→ **EXERCISE DATA**:
▽

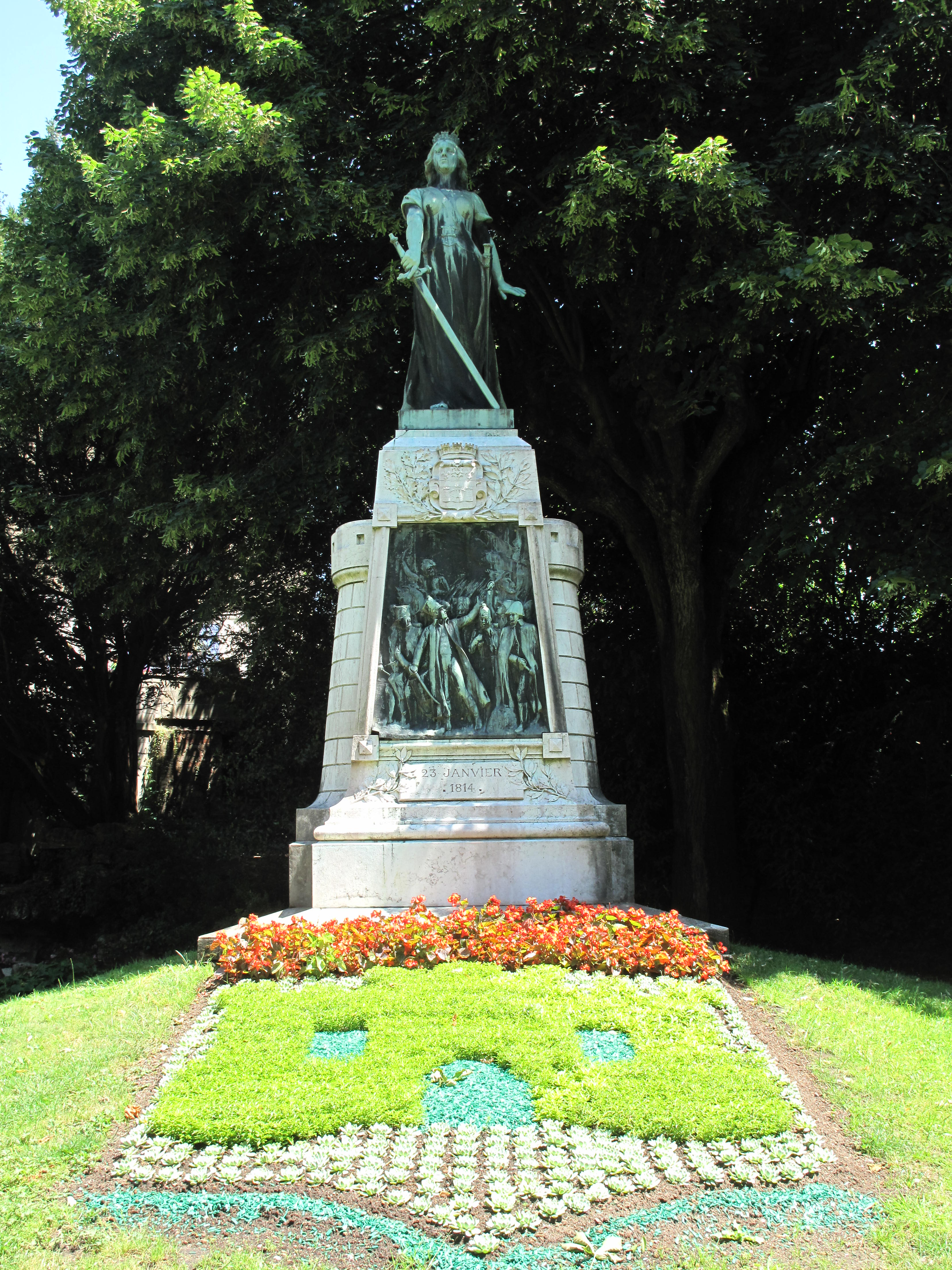 Monument in memory of the 300 citizens of Tournus who joined the Napoleon's army during the retreat of 1814 : Tournus (Saône-et-Loire, France).
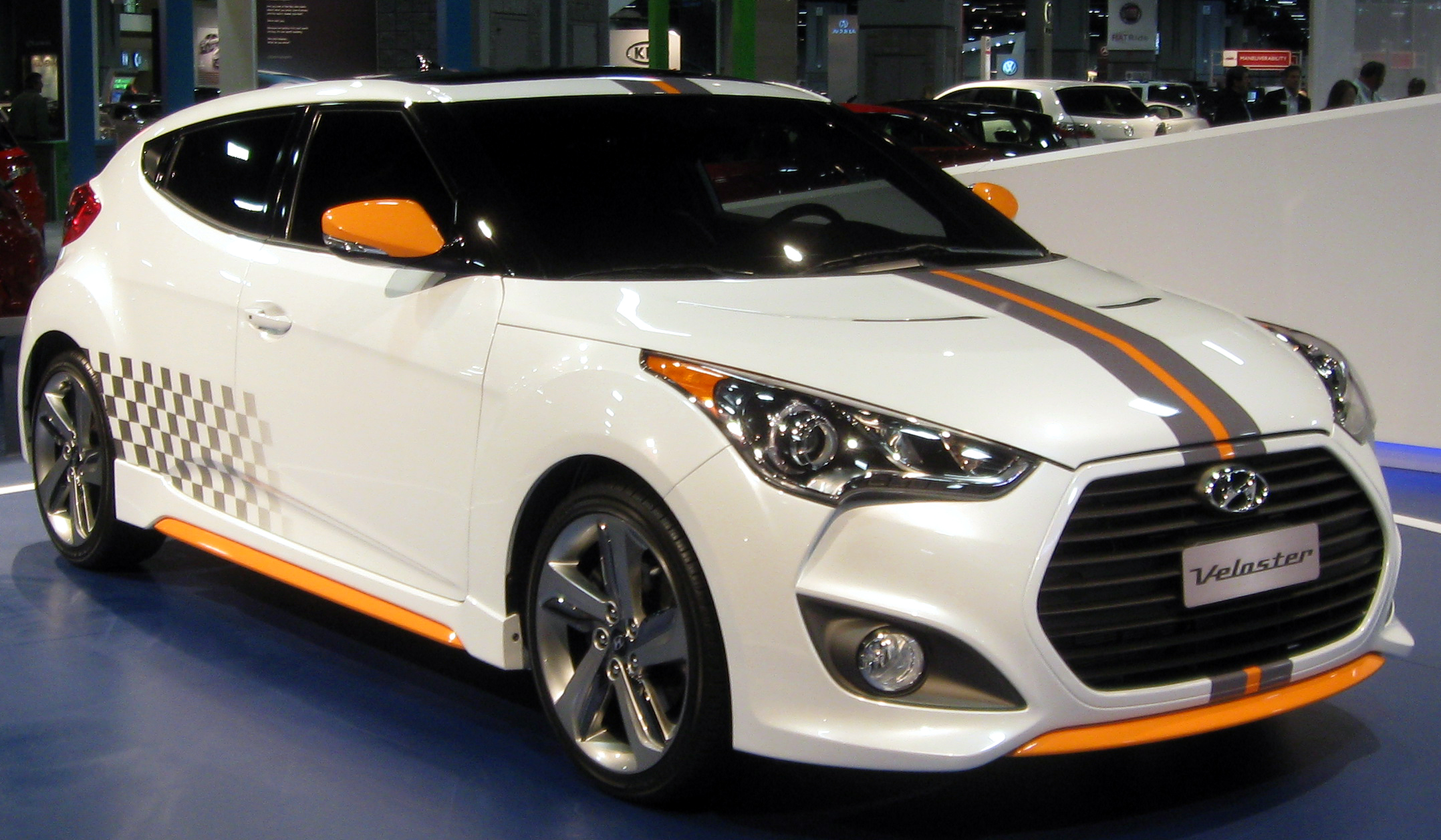 2013 Hyundai Veloster Turbo photographed in Washington, D.C., USA.
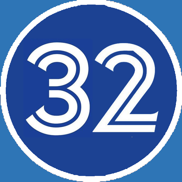 Illustration of Roy Halladay's #32, retired by Toronto Blue Jays
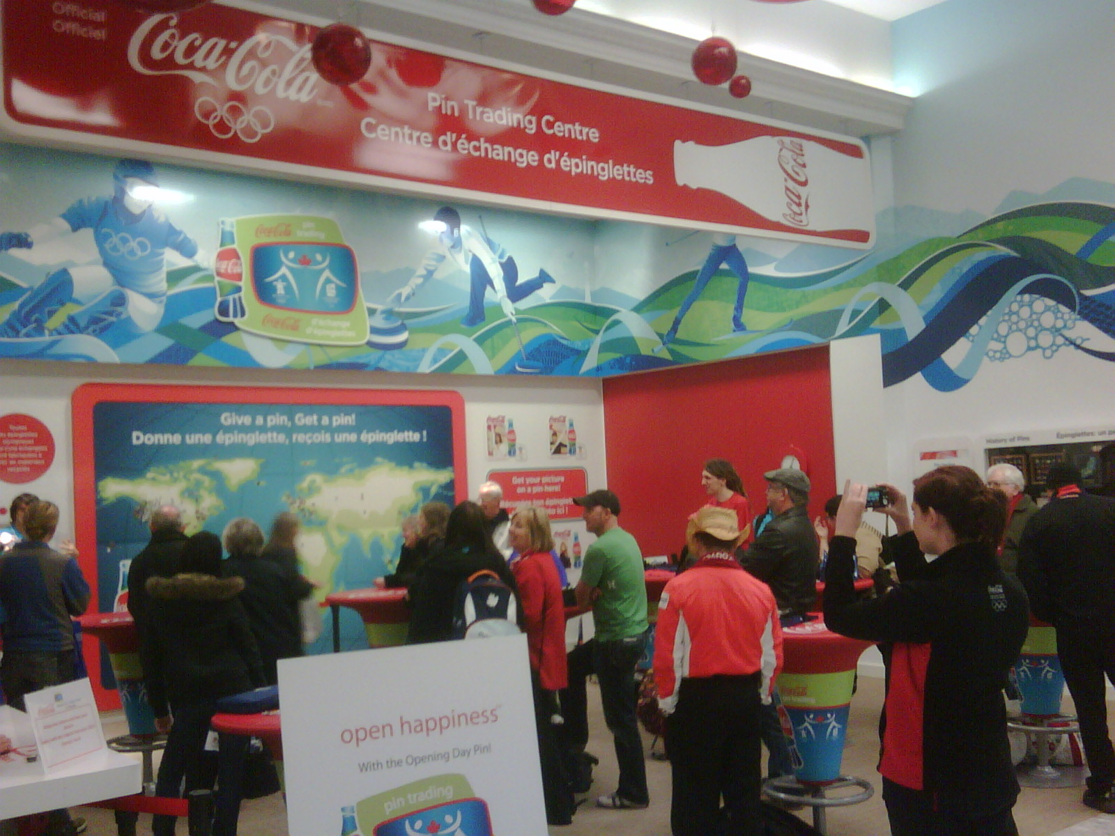 The Coca Cola Olympic Pin Trading Centre at the HBC store is packed with crazy pin traders
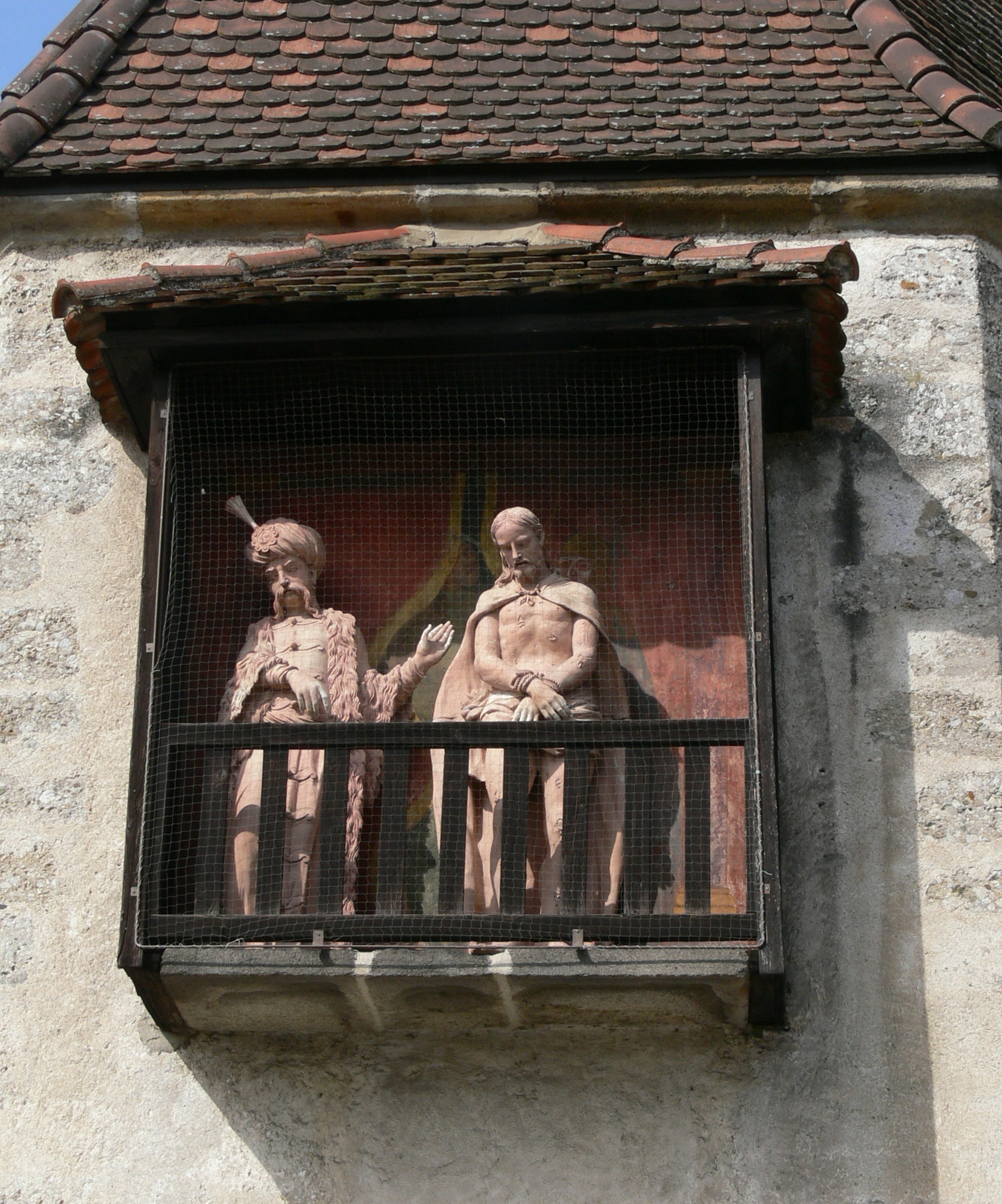 Lorch ( Enns/Upper Austria ). Ossuary ( 1507 ) near Saint Lawrence basilica - Ecce homo ( 1690 ) with Pilatus as Osman vezir.
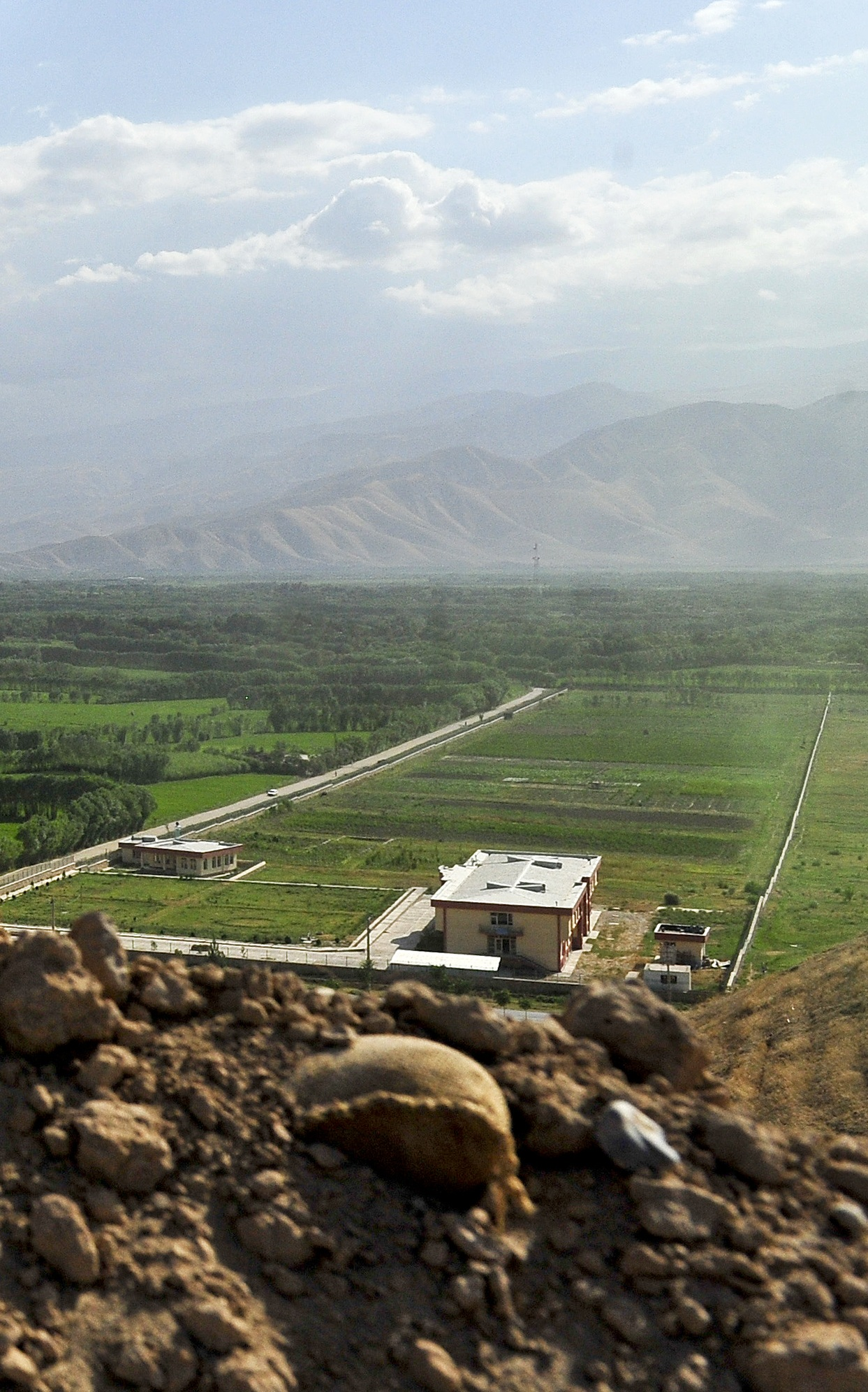 Samangan Province, Afghanistan
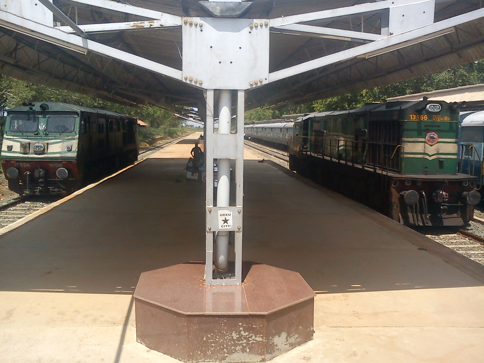 Sivagangai passengers waiting area
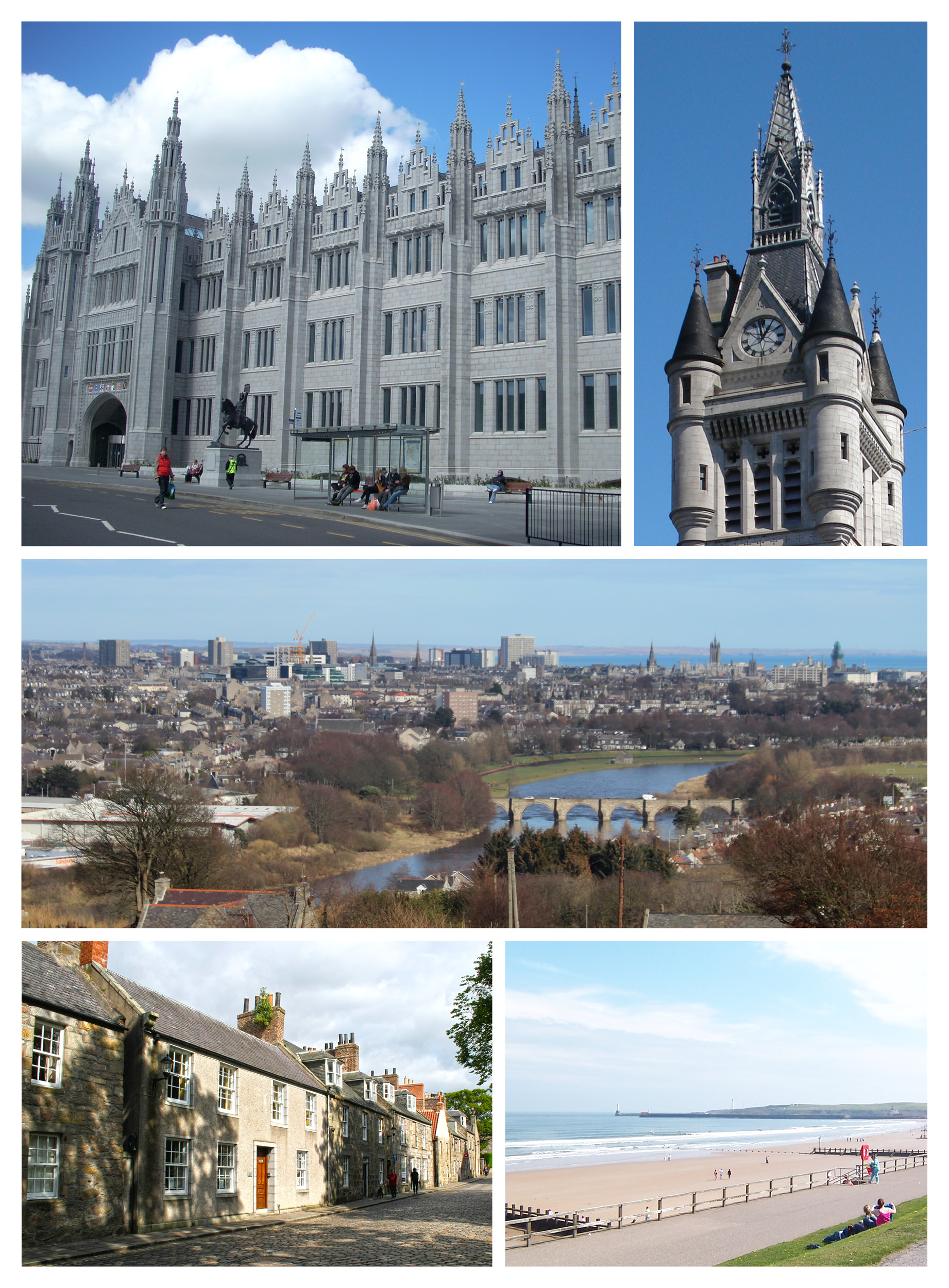 Clockwise from top-left: Marsichal College, West Tower of the new Town House on Union Street, cityscape view from Tollohill Woods, Old Aberdeen High Street, Aberdeen Beach

△

→ **WHAT IS EXPECTED**: Where the line with "Samangan Province, Afghanistan" appears in the entries above, begin there and restate every line to the end word for word, minus the pictures.

→ **EXERCISE SOLUTION**:
 Samangan Province, Afghanistan
 Sivagangai passengers waiting area
 Clockwise from top-left: Marsichal College, West Tower of the new Town House on Union Street, cityscape view from Tollohill Woods, Old Aberdeen High Street, Aberdeen Beach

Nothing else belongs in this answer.